MRI Predictors of Malignant Transformation in Patients with Inverted Papilloma: A Decision Tree Analysis Using Conventional Imaging Features and Histogram Analysis of Apparent Diffusion Coefficients

Chong Hyun Suh 1, Jeong Hyun Lee 1,, Mi Sun Chung 2, Xiao Quan Xu 3, Yu Sub Sung 4, Sae Rom Chung 1, Young Jun Choi 1, Jung Hwan Baek 1
PMCID: PMC8076834  PMID: 33289362

Abstract

Objective

Preoperative differentiation between inverted papilloma (IP) and its malignant transformation to squamous cell carcinoma (IP-SCC) is critical for patient management. We aimed to determine the diagnostic accuracy of conventional imaging features and histogram parameters obtained from whole tumor apparent diffusion coefficient (ADC) values to predict IP-SCC in patients with IP, using decision tree analysis.

Materials and Methods

In this retrospective study, we analyzed data generated from the records of 180 consecutive patients with histopathologically diagnosed IP or IP-SCC who underwent head and neck magnetic resonance imaging, including diffusion-weighted imaging and 62 patients were included in the study. To obtain whole tumor ADC values, the region of interest was placed to cover the entire volume of the tumor. Classification and regression tree analyses were performed to determine the most significant predictors of IP-SCC among multiple covariates. The final tree was selected by cross-validation pruning based on minimal error.

Results

Of 62 patients with IP, 21 (34%) had IP-SCC. The decision tree analysis revealed that the loss of convoluted cerebriform pattern and the 20th percentile cutoff of ADC were the most significant predictors of IP-SCC. With these decision trees, the sensitivity, specificity, accuracy, and C-statistics were 86% (18 out of 21; 95% confidence interval [CI], 65–95%), 100% (41 out of 41; 95% CI, 91–100%), 95% (59 out of 61; 95% CI, 87–98%), and 0.966 (95% CI, 0.912–1.000), respectively.

Conclusion

Decision tree analysis using conventional imaging features and histogram analysis of whole volume ADC could predict IP-SCC in patients with IP with high diagnostic accuracy.

Keywords: Inverted papilloma, Magnetic resonance imaging, Diffusion

INTRODUCTION

The preoperative differentiation of inverted papilloma (IP) from its malignant transformation to squamous cell carcinoma (IP-SCC) is critical for patient management. When a patient is suspected of having IP-SCC, the patient should undergo extensive surgical resection and be considered for adjuvant treatment, including radiation or chemotherapy (1,2).
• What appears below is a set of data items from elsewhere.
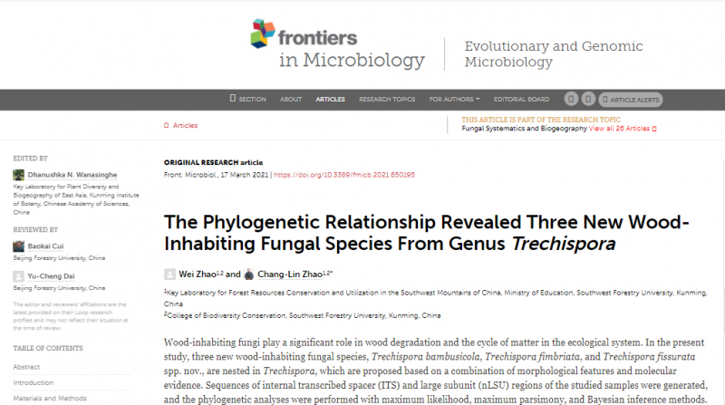 2021年3月,生物多样性保护学院森林保护专业2018级本科生赵薇同学为第一作者,以米兰milan官方网站为第一单位在二区期刊Frontiers in Microbiology (微生物学领域的Top期刊之一,IF=5.640)发表木腐菌相关研究论文。木腐菌 (Wood-decaying fungi) 是以木材为生长基质的一类大型担子真菌,它们能将木材中的木质素、纤维素和半纤维素全部降解,是森林生态系统的重要组成部分,也是分解纤维素和木材原始成分木质素的主要动力,在物质循环和能量流动中起着关键的降解还原作用。
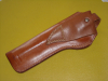 Sie bieten auf ein hoch sitzendes Gürtelholster der Firma Bianchi aus Leder, geeignet für SAA-Revolver. Das Holster ist unten offen, die genaue Bezeichnung des Holsters lautet " .44 S. A. #1". Mein Colt SAA, Kal. .45 long Colt, mit 7,5 Zoll Lauflänge paßt perfekt, nur der Lauf schaut unten 1cm aus dem Holster heraus. Wie es mit Waffen von Ruger, Uberti u.a. aussieht kann ich nicht sagen. Das Holster ist fast neuwertig und stammt aus Nichtraucherhaushalt. Privatverkauf, keine Garantie, keine Rücknahme.
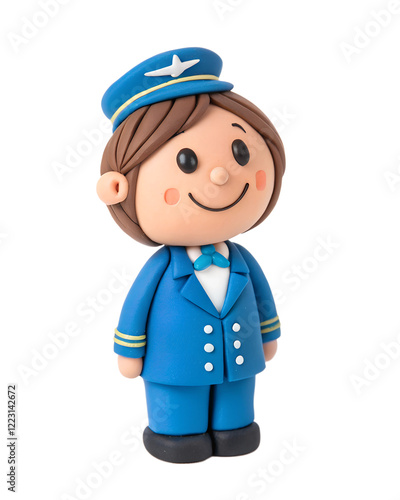 a clay Cute, Flight Attendant, happy and smile, isolated on a transparent background
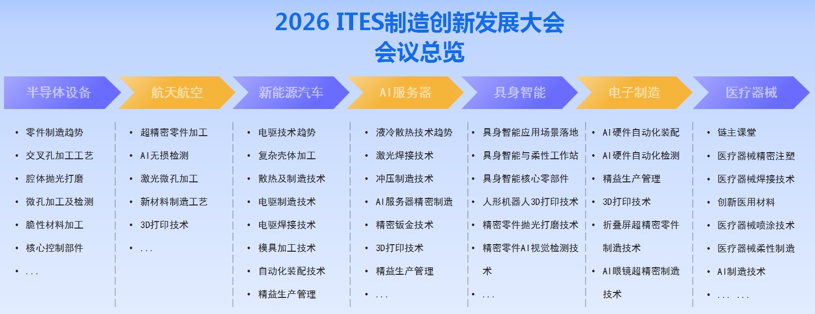 作为2026 ITES“展+会”生态的核心组成,同期系列会议聚焦更行业核心零部件及先进工艺应用,精准覆盖半导体设备、新能源汽车、AI 服务器、具身智能、电子制造、医疗器械、航空航天7大热点赛道,打造80余场高质量主题论坛。

However, it is difficult to accurately diagnose IP-SCC using nasal endoscopy because such tumors are often found in the maxillary sinus, and even biopsies could be affected by sampling error (3).

Several attempts have been made to distinguish IP-SCC from IPs using preoperative computed tomography (CT) or magnetic resonance imaging (MRI) (3,4,5,6,7,8). Bony erosion on CT and conventional MRI features—including tumor necrosis, soft tissue invasion (with a particular interest in orbital invasion), intracranial extension, and loss of convoluted cerebriform pattern—may help predict IP-SCC (3,4,5,6). However, conventional MRI features are suboptimal in terms of diagnostic accuracy; these include the loss of a convoluted cerebriform pattern, among other features which are subject to interpretation error with respect to the radiologist's level of experience (3).
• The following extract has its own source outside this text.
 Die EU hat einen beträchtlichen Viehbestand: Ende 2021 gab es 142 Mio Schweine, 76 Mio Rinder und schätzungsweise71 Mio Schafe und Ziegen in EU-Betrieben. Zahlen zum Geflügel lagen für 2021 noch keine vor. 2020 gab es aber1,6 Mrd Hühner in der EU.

Recently, several studies have reported that the mean apparent diffusion coefficient (ADC) value might be helpful in the differentiation of histological subtypes of sinonasal neoplasms, or that malignant sinonasal neoplasms have lower mean ADC values compared with benign tumors (9,10). Another study reported that IP-SCCs are associated with lower ADC values (ADCb0,1000 = 1.12 × 10−3 mm2/sec) than IP (ADCb0,1000 = 1.49 × 10−3 mm2/sec) (3). However, the mean ADC value is limited in that it does not represent the whole tumor, and malignant transformation may occur in small foci in the background of IP (2).
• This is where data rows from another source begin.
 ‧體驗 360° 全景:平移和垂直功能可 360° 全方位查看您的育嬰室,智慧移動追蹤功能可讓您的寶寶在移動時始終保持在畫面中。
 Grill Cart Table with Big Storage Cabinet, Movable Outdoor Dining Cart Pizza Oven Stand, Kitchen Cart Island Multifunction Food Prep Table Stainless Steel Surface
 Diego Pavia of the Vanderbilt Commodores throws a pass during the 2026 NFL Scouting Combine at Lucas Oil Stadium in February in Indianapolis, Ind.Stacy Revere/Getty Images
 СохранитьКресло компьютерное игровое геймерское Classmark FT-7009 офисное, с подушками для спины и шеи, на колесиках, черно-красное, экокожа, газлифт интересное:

We hypothesized that the histogram analysis of ADC values of a whole tumor might help predict the malignant transformation of IP by detecting left-sided peakedness of ADC values of individual voxels. We aimed to determine the diagnostic accuracy of conventional imaging features and histogram parameters obtained from whole tumor ADC values to predict IP-SCC among patients with IP using a decision tree analysis.

MATERIALS AND METHODS

Study Population

We followed the Standards for Reporting of Diagnostic Accuracy Studies 2015 guidelines in reporting this study (11). This retrospective cohort study was approved by the relevant Institutional Review Board of Asan Medical Center (2019-1405), and the requirement for informed consent was waived owing to the retrospective design.

The study sample was derived from a head and neck tumor cohort of 180 consecutive patients in three hospitals between April 2015 and April 2019. The eligibility criteria were as follows: 1) patients with histopathologically diagnosed IP or IP-SCC and 2) patients who underwent head and neck MRI, including diffusion-weighted imaging (DWI). Among the 180 patients, 21 patients (12%) had IP-SCC, and 159 patients (88%) had IP. After the exclusion of 115 patients who did not undergo head and neck MRI, 65 consecutive patients were evaluated. Of them, two patients were excluded because of poor DWI quality, and one patient was excluded because the location of IP on MRI could not be assessed due to concomitant fungal ball and inflammatory polyp. Finally, 62 consecutive patients were included in the study (Fig. 1). All patients underwent surgery or biopsy, performed by otolaryngologist-head and neck surgeon. All histopathologic specimens were analyzed by the pathology divisions of the participating institutions.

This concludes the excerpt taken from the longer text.